Work to complete —
Transcribe exactly the lines below that begin at the line with "文章来源于互联网:李沐重返母校上海交大,从LLM聊到个人生涯,这里是演讲全文" and stop after the line with "Pulseira larga e", leaving out every picture.

Task input —
◆ ◆ ◆ ◆

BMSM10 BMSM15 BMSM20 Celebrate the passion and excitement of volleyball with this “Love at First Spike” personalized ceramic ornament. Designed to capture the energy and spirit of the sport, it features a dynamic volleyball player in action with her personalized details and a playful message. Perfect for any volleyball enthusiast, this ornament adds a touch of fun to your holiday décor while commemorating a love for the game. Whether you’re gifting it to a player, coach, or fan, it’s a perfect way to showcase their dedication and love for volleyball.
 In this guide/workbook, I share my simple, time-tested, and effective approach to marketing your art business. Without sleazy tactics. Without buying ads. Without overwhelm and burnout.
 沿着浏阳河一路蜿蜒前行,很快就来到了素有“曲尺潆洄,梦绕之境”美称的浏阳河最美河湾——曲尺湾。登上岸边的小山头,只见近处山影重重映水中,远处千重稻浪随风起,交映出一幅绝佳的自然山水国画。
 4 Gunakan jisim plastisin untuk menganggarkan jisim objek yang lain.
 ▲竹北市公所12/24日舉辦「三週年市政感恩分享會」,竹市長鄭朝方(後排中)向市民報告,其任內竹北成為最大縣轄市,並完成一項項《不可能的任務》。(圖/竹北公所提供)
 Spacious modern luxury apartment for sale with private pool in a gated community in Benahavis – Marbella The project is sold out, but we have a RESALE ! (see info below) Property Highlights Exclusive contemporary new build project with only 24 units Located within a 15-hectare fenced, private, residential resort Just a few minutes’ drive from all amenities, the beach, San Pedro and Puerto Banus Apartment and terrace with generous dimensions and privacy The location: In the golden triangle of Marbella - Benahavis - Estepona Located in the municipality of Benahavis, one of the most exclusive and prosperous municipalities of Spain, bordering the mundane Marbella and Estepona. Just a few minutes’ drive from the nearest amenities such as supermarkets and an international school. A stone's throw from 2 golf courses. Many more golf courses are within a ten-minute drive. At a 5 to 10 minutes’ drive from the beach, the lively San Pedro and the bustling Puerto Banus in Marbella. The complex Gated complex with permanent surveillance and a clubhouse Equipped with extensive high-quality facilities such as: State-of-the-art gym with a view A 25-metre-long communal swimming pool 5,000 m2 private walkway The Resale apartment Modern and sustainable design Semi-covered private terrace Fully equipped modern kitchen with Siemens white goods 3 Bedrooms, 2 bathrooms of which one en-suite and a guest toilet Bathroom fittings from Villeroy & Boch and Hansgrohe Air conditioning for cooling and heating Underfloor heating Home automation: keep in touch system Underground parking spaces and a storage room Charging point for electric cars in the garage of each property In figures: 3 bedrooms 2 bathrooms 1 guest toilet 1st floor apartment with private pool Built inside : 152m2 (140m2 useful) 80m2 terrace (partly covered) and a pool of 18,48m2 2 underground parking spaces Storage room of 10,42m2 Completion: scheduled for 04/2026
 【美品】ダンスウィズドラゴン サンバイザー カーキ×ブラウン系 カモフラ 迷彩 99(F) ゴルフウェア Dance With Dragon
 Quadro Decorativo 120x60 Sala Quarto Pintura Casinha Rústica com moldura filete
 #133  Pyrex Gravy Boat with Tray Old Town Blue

◆ ◆ ◆ ◆

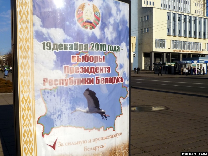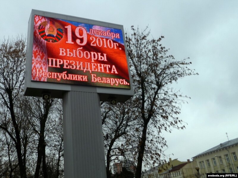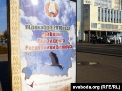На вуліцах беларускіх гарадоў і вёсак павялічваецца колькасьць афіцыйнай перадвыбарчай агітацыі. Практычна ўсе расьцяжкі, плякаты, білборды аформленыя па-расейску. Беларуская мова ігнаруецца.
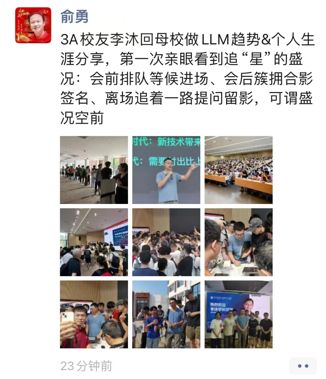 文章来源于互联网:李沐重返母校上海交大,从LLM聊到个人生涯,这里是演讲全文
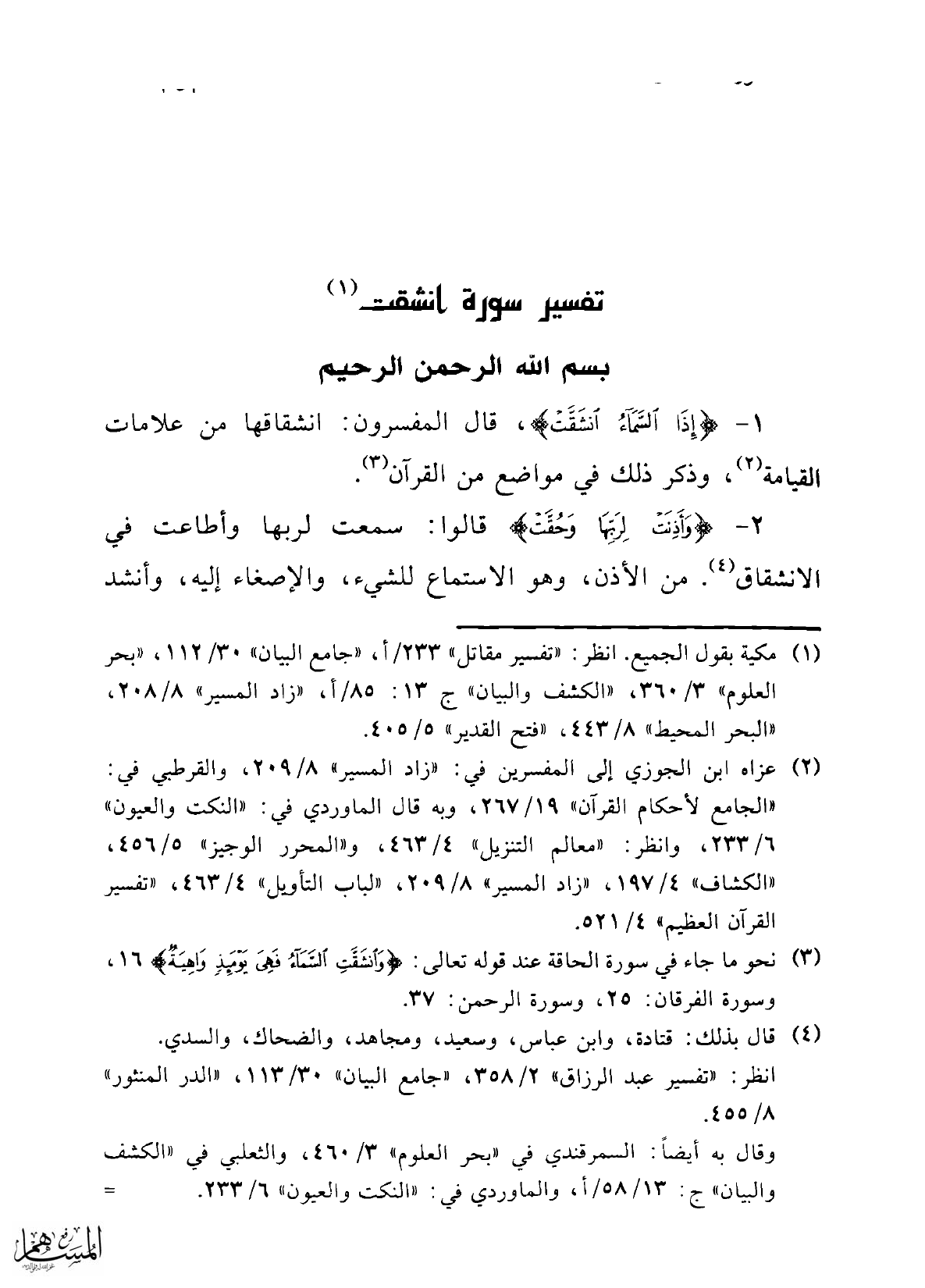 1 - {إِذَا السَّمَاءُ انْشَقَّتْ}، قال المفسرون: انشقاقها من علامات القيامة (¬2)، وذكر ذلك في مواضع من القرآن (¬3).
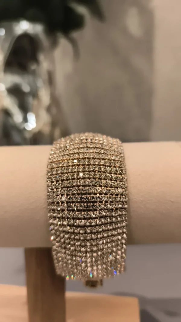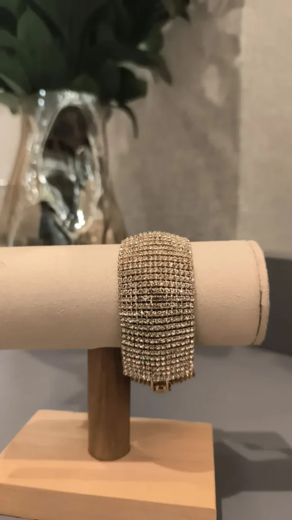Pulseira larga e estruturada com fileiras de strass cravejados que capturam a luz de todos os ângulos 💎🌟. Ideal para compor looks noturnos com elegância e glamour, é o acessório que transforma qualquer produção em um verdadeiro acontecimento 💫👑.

◆ ◆ ◆ ◆

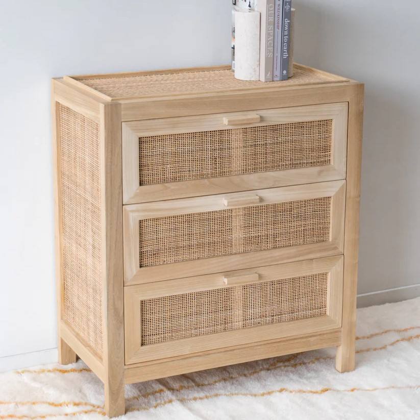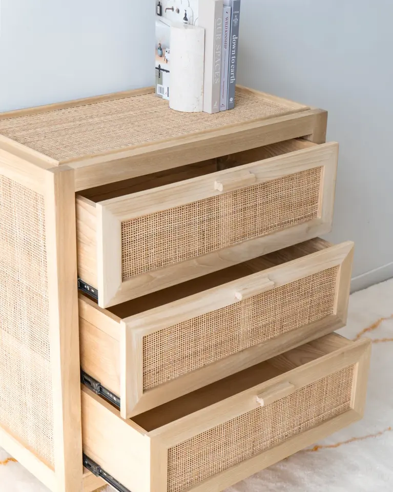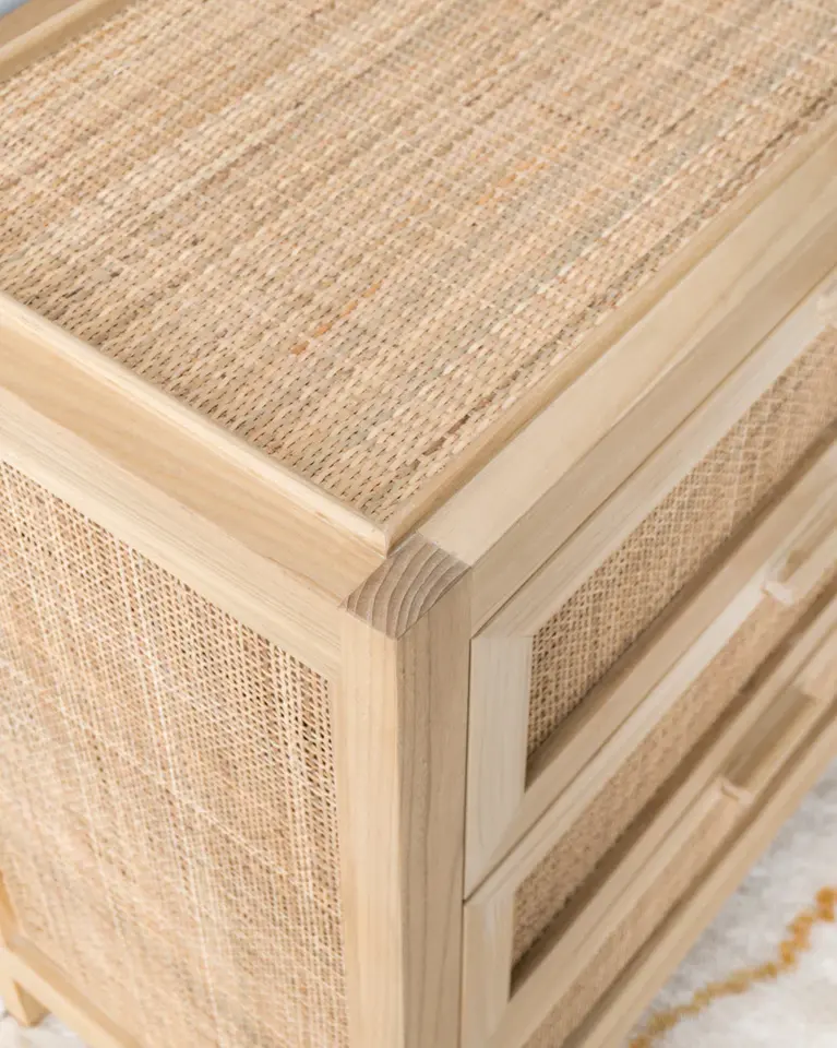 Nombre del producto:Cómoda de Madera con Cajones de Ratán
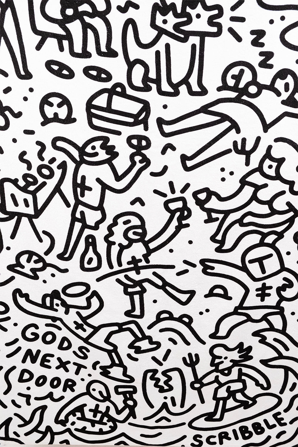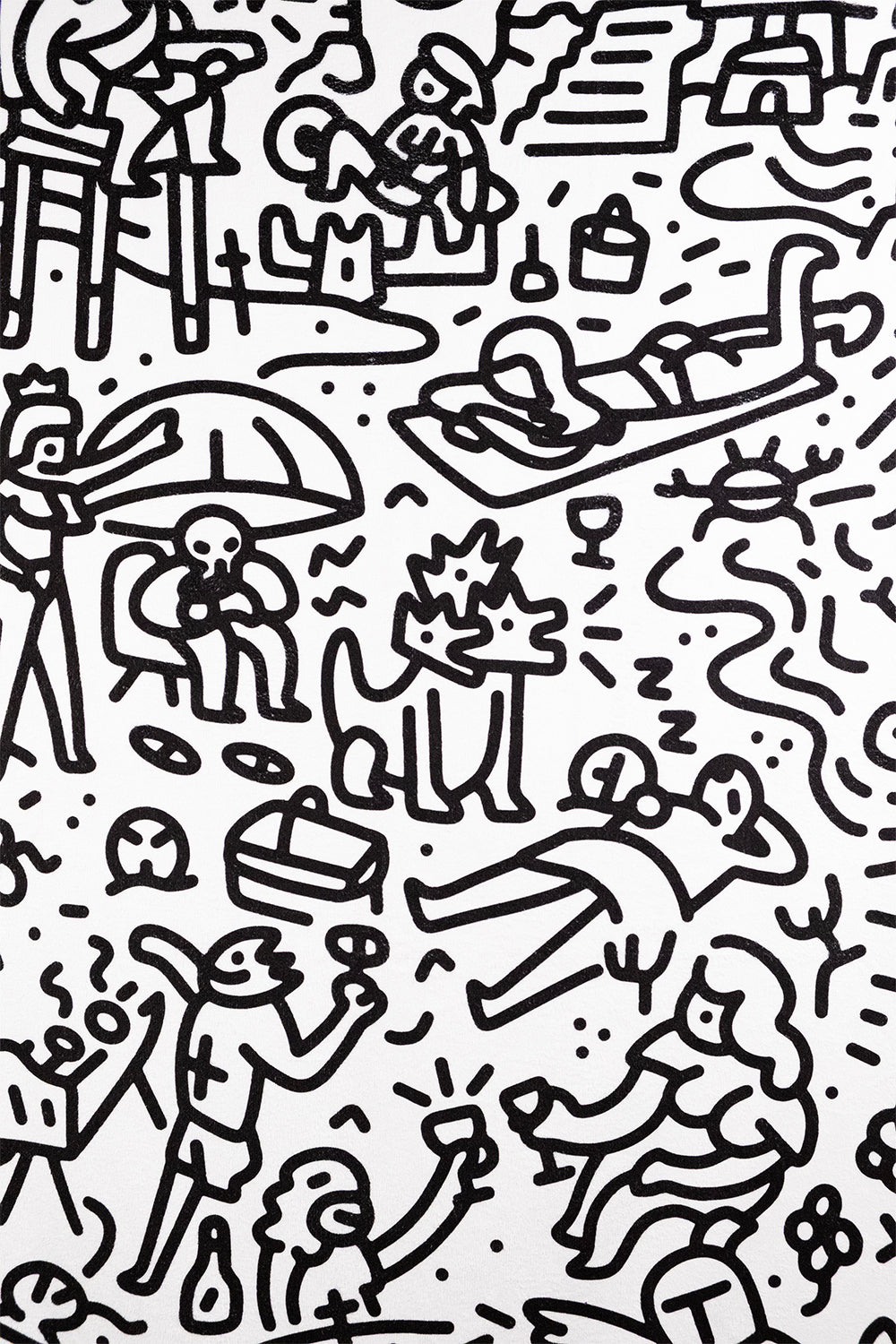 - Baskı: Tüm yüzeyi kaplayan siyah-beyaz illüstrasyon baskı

◆ ◆ ◆ ◆

Reply —
 文章来源于互联网:李沐重返母校上海交大,从LLM聊到个人生涯,这里是演讲全文
 1 - {إِذَا السَّمَاءُ انْشَقَّتْ}، قال المفسرون: انشقاقها من علامات القيامة (¬2)، وذكر ذلك في مواضع من القرآن (¬3).
Pulseira larga e estruturada com fileiras de strass cravejados que capturam a luz de todos os ângulos 💎🌟. Ideal para compor looks noturnos com elegância e glamour, é o acessório que transforma qualquer produção em um verdadeiro acontecimento 💫👑.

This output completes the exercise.